As a result, as shown in FIG. 4, the concentration of peroxynitrite (ONOO ⁻ ) by the treatment with 30 mM glucose was increased by about 75% as compared with the 5 mM glucose treatment group. In contrast, no significant change was observed in the high molecular weight polyphenol (H) treated group, but in the low molecular weight polyphenol (L) treated group, peroxynitrite (ONOO ⁻ ) increased by high concentration glucose was observed. The concentration was lowered depending on the concentration.

In Example 6, the amount of active oxygen in cells was measured for a low molecular weight cocoon polyphenol (柿 polyphenol (L)), a polymer cocoon polyphenol (柿 polyphenol (H)) and a comparative sample according to the method of Wang and Joseph. Quantitative comparison of oxidative stress state. Specifically, 200 μL of a suspension of porcine kidney epithelial cells (LLC-PK ₁ ) at a concentration of 2 × 10 ⁴ cells / mL was seeded in a 96-well plate and pre-cultured in a culture solution containing 5 mM glucose for 24 hours. . Subsequently, 5 mM glucose or 30 mM glucose, 5 μg / mL or 10 μg / mL high molecular or low molecular weight cocoon polyphenol and a comparative sample were added and cultured for 24 hours, washed with phosphate buffer, and 100 μM non-fluorescent. 100 μL of the substance DCFH-DA (2 ′, 7′-dichlorofluorescein diacetate) was added and incubated for 15 minutes. Thereafter, the culture solution was removed from the 96-well plate, DMEM / F-12 culture solution was added, and the mixture was cultured for 1 hour. The fluorescence intensity of the fluorescent substance DCF (2 ′, 7′-dichlorofluorescein) was measured on the 96-well plate with a microplate reader (excitation wavelength: 485 nm, fluorescence wavelength: 535 nm). This measurement applies the principle that the non-fluorescent substance DCFH-DA is converted into a fluorescent substance DCF that exhibits strong fluorescence in the presence of active oxygen. Here, comparative sample 1 is astaxanthin, which is said to have the strongest antioxidant among carotenoids, comparative sample 2 is a grape seed extract (Gravinol (registered trademark)) containing a high concentration of proanthocyanidins, comparative sample 3 Is a polyphenol (Pycnogenol (registered trademark)) obtained from pine bark that can be taken in the coastal region of France.

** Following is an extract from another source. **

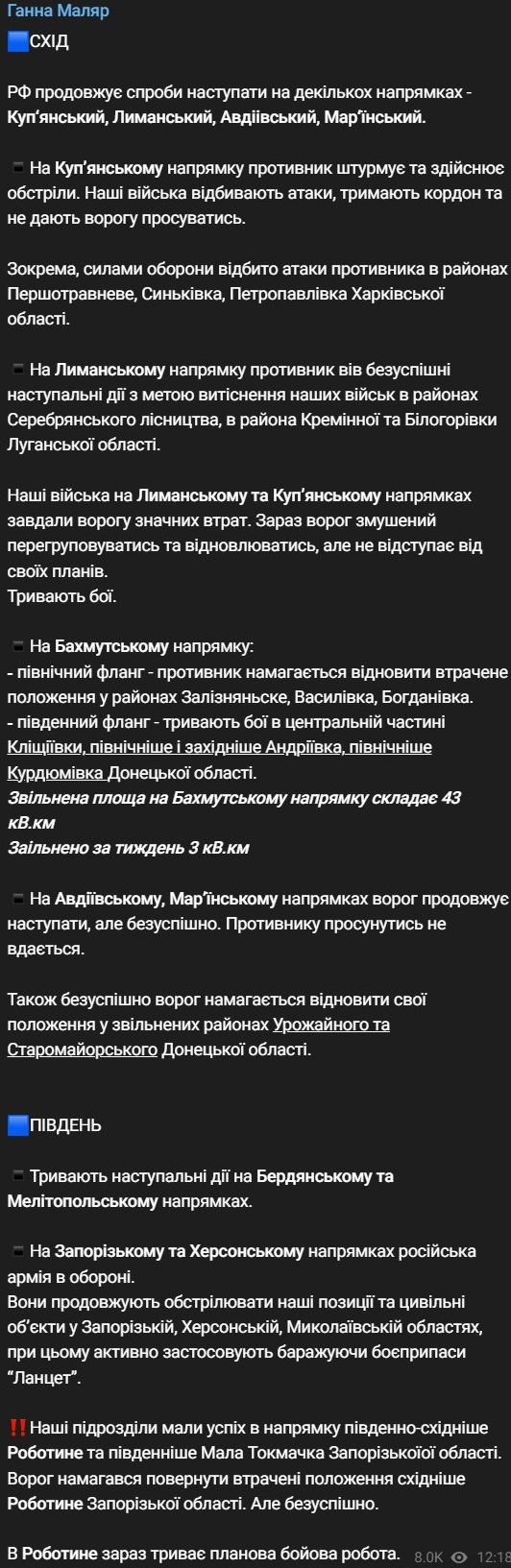 Заступниця міністра оборони України Ганна Маляр заявила про просування ЗСУ на південний схід від Роботино на Оріхівському напрямку.

  As a result, as shown in FIG. 5, the amount of intracellular active oxygen in 30 mM glucose-treated cells was increased by about 1.6 times compared to 5 mM glucose-treated cells. It was falling. In particular, in the group to which 10 μg / mL of low molecular weight soot polyphenol (L) was added, the decrease in the amount of intracellular active oxygen was significant.

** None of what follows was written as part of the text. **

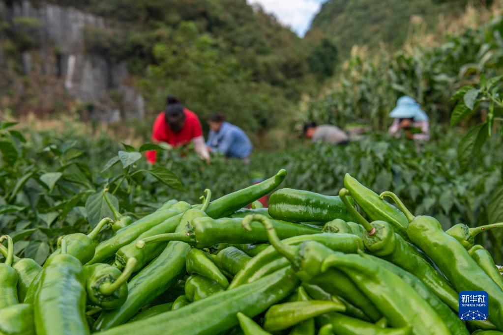 8月22日,在貴州省畢節市百里杜鵑管理區百納鄉龍坪村,村民在采收辣椒。

  Example 7 compares the influence of a low molecular weight soot polyphenol (soot polyphenol (L)) and a polymer soot polyphenol (soot polyphenol (H)) on the transcription factor NF-κB.

Here, the relationship between reactive oxygen species and transcription factor NF-κB (nuclear factor-kappa B: B fragment of an enhancer of immunoglobulin k chain gene expression) is shown in FIG. Reactive oxygen species (ROS) such as superoxide (O ₂ ⁻ ), hydrogen peroxide (H ₂ O ₂ ), hydroxyl radical (.OH), and nitric oxide (NO) are generated in the cytoplasm exposed to Cheap. In addition, the transcription factor NF-κB existing in an inactive state by binding to the inhibitor I-κB (B) is dissociated from the inhibitor I-κB by the reactive oxygen species (ROS) and activated. Then, it moves into the nucleus and promotes induction of inflammation-related enzymes such as iNOS (inducible nitric oxide synthase) and COX-2 (cyclooxygenase-2). Among them, iNOS exists in macrophages and vascular smooth muscles and is activated by an inflammatory reaction or the like. This iNOS catalyzes a reaction for generating nitric oxide (NO). Further, the resulting nitric oxide (NO), superoxide produces the _{(O 2} ^{- -)} and react with peroxynitrite (ONOO). Peroxynitrite (ONOO ⁻ ) is an active oxygen having a stronger oxidizing power than nitric oxide (NO) and causes peroxidation of lipids and proteins. On the other hand, COX-2 is involved in the production of prostaglandins related to inflammation, and is the cause of many chronic diseases. The transcription factor NF-κB regulates the expression of inflammation-related enzymes and plays an important role as a central mediator of immune responses such as cytokines, chemokines, and immunoreceptors. .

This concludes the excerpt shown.